As one of “the most sordid rascals,” what is it that I really want? To hasten literature back to the day when only middle-aged white dudes were worth anything? For a Jew, that would be self-defeating, since it would mean turning the clock back to before Moses, who was a Jew before the Jews had become white. It would also mean that I would have to abandon several of my public enthusiasms.

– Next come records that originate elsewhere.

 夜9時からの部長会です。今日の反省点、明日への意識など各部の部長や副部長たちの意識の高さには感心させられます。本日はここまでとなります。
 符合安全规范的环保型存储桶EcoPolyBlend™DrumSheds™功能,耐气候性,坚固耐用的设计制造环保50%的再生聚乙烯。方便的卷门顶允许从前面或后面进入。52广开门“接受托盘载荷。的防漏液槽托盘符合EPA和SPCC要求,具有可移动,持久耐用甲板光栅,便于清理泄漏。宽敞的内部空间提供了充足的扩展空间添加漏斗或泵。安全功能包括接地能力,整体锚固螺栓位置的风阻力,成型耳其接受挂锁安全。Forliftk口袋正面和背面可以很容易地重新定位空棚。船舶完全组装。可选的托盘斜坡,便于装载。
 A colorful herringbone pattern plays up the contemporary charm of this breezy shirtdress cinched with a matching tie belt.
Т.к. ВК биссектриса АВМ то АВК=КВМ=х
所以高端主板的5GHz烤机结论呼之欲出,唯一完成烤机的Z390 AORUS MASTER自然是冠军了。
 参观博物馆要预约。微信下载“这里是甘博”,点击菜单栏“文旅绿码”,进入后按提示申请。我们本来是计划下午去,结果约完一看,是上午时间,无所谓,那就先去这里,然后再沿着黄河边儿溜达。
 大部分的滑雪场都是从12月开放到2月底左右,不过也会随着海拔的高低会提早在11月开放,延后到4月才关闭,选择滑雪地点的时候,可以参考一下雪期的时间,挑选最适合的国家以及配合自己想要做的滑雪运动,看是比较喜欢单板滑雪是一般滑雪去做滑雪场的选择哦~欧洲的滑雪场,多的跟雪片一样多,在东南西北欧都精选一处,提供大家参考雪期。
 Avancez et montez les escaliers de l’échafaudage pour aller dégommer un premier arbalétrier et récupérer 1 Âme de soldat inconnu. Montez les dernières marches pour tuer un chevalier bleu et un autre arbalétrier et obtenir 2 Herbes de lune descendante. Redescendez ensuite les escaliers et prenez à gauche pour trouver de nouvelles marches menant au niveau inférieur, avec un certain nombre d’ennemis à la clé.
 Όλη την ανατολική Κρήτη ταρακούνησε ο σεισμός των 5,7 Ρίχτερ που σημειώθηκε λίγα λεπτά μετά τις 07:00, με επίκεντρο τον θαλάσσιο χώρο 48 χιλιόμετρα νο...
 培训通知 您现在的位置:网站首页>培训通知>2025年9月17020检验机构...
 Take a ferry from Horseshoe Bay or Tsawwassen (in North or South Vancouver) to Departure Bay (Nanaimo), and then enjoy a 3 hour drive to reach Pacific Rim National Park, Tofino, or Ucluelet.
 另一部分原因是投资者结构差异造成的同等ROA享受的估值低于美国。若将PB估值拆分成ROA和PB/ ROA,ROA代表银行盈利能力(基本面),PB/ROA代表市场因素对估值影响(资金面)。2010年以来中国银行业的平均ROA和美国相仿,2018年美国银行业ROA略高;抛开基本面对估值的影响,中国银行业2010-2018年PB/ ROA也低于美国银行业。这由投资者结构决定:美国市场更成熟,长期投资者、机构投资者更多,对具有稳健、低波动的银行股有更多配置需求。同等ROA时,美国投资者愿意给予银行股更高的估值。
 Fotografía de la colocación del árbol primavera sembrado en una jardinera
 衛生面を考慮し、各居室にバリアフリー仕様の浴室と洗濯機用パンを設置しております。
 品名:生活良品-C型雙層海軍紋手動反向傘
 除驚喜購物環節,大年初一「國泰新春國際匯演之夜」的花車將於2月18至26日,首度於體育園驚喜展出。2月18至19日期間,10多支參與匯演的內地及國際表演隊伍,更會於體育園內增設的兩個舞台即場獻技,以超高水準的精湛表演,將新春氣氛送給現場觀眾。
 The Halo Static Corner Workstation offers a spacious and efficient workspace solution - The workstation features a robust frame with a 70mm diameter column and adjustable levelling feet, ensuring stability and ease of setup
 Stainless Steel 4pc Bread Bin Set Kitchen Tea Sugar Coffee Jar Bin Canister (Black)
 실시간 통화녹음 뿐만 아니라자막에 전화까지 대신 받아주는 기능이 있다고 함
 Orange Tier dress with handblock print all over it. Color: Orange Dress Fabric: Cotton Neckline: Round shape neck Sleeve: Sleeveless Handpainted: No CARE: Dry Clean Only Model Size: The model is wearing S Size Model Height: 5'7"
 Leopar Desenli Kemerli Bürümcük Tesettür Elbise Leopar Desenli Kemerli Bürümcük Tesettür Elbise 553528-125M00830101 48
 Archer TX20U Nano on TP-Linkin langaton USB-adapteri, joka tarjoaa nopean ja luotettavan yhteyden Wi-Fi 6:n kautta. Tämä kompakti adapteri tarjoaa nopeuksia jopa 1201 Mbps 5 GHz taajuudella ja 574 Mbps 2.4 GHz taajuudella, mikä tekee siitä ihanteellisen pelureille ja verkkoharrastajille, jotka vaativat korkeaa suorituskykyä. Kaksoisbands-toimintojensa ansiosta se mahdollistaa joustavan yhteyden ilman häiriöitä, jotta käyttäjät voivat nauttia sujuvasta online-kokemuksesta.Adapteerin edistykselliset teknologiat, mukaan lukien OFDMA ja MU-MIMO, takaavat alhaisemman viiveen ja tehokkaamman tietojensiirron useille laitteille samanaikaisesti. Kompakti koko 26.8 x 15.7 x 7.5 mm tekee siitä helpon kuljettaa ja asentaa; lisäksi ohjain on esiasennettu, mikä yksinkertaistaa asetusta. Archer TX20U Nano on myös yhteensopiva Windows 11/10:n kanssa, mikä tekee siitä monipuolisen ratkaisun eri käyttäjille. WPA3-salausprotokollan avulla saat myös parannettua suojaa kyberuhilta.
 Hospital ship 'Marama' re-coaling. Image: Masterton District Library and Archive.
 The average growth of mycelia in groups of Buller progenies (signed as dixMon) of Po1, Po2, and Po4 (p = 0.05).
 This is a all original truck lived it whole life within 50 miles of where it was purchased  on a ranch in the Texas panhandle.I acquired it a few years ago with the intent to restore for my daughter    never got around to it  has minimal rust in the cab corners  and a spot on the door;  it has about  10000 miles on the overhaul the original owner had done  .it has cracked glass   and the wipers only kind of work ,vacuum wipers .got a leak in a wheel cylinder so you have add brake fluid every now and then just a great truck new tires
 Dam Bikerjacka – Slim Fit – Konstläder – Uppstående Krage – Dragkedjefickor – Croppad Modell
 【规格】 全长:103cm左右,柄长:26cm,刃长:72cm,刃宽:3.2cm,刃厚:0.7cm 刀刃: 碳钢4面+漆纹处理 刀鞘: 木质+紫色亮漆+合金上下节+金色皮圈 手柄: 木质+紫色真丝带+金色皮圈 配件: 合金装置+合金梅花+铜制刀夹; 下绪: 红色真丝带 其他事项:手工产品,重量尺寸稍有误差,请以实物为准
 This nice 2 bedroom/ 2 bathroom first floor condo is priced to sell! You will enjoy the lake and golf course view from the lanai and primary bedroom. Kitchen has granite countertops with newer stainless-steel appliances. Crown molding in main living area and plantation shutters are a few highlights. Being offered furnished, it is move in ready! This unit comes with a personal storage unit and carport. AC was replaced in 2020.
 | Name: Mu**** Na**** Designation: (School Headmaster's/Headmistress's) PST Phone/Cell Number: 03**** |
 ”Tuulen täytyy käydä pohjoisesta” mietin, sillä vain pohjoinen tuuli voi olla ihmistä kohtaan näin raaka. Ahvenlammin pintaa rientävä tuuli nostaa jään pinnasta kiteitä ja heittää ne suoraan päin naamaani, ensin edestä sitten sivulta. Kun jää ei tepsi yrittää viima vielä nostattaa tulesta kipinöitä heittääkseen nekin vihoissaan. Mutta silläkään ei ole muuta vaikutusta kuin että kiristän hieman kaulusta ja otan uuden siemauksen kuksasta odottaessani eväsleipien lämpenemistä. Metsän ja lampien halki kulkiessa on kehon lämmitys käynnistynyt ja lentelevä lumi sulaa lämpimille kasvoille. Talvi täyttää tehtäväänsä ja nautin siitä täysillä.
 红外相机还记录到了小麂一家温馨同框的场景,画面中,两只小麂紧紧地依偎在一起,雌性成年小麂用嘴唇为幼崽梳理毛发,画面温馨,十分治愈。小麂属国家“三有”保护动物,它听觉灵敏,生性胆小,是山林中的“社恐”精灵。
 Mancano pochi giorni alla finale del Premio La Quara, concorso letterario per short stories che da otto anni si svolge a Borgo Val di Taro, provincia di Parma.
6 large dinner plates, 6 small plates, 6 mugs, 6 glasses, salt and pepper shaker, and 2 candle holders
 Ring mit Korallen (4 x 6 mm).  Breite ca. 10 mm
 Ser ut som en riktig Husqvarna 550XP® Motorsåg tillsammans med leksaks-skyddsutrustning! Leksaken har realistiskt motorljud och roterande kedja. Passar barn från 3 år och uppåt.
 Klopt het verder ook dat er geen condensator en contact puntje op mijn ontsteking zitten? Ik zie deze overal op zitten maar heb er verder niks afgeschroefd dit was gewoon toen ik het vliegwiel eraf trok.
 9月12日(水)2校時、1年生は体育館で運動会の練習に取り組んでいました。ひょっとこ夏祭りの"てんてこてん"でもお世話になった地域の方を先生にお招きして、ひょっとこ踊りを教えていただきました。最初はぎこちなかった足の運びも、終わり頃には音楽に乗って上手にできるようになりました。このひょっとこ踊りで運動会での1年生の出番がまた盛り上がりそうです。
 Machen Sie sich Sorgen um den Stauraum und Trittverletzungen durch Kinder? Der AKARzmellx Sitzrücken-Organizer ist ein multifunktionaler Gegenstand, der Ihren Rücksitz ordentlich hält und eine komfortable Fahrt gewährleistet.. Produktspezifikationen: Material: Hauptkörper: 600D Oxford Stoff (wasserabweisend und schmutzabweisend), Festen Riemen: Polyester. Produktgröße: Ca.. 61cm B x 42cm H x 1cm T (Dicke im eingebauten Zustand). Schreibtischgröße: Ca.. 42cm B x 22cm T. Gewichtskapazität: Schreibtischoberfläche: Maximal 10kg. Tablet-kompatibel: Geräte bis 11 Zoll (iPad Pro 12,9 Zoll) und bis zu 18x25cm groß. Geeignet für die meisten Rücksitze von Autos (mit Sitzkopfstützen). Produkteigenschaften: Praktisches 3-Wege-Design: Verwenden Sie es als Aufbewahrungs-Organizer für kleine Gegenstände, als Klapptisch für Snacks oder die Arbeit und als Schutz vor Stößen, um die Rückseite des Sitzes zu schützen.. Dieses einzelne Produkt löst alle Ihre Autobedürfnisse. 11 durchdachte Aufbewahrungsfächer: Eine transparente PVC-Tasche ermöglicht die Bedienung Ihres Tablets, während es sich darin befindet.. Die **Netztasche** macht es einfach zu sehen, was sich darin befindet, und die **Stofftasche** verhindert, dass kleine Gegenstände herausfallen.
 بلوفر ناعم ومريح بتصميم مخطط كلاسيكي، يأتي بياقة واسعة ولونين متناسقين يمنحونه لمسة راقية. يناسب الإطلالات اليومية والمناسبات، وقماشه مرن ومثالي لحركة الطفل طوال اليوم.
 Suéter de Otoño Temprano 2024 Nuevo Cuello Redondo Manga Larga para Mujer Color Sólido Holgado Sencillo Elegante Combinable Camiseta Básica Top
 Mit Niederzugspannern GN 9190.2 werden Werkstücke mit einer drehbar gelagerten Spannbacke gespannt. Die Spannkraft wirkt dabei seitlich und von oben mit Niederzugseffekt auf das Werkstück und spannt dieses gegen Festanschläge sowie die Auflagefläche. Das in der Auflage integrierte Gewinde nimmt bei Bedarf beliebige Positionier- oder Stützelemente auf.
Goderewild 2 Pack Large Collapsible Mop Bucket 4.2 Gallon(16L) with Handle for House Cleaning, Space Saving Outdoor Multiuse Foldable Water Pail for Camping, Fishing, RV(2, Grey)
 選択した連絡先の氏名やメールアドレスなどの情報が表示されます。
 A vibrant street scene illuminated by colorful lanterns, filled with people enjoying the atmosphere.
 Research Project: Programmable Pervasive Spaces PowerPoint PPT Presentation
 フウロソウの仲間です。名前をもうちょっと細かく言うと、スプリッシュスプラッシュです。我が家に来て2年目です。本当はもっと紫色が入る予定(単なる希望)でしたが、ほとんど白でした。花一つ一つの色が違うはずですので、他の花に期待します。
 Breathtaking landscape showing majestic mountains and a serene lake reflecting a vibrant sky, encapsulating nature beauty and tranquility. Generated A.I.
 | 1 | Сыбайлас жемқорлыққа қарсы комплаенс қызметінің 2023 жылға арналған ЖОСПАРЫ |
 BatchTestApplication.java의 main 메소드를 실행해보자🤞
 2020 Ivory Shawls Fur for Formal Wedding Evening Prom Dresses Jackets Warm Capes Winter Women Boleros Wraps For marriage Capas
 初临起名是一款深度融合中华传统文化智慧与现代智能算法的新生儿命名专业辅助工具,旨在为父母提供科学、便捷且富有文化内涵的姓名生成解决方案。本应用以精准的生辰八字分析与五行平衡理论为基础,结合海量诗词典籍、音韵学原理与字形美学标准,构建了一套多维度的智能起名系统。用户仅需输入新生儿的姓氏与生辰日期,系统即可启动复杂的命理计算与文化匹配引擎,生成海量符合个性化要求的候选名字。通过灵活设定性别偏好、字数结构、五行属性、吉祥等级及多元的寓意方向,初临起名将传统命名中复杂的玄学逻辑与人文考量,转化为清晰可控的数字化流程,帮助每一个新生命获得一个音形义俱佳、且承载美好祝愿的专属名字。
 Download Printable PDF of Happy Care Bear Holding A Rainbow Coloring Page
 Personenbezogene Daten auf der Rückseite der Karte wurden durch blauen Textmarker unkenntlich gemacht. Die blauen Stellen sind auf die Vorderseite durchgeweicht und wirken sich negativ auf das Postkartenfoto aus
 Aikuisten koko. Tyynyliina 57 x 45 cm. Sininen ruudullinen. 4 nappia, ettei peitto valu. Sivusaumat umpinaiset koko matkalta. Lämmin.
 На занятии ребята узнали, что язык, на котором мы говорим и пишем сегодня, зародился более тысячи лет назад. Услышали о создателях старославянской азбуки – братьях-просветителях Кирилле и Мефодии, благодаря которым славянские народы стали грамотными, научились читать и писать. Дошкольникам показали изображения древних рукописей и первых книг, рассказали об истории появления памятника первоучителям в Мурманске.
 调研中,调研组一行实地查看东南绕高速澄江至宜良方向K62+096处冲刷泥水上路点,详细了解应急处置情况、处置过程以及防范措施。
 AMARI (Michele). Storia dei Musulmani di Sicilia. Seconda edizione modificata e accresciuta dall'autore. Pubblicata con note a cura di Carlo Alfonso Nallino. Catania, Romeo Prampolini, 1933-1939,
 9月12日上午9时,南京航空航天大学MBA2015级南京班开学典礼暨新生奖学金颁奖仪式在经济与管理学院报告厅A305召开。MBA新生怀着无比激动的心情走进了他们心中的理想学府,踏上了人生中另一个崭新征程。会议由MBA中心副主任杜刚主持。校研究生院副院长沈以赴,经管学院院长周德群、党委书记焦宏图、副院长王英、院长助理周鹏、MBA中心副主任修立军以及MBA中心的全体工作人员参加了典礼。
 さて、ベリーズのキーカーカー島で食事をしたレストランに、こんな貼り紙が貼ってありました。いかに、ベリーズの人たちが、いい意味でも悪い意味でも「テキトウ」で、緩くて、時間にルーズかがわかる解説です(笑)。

As Richard M. Weaver once said, however, turning it back is one of the things you can do to a clock. Although I have no confidence that it can ever be restored, I mourn the lost age when her race, class, gender, and sexual orientation were not all you really needed to know about an author. I miss talking about books in terms of something other than their meaning. I would kind of like to go back to discussing authors as if they had intentions, just like their critics, which could not be happily dismissed in an effort to squeeze a more ingenious message out of them. I wish critics still had a conscience.
I am nostalgic for writers who understand that political novels must do something in addition to sneering at Bush. In fact, I wish there were a few writers (or a president, for that matter) who understood that bashing Bush, at this late date, is neither clever nor appealing. I am lonely for writers and intellectuals who actually wish to address those who disagree with them rather than assuming that only the like-minded need read them. I want to know where the writers are like the British novelist Elizabeth Taylor, who was a lifelong woman of the Left and perhaps even a Communist, although you would never know it from her novels.
I want to return to a time when writers were judged by their style, their success in bringing artistic coherence out of actuality’s confusion, their distinctiveness and distinction, even their interpretation of the human experience. But to want such a thing, I guess, is to be a “densely stupid reactionary.”
And so I must be. My critical pursuits must only serve to accelerate the descent into revolutionary illiteracy. My bad.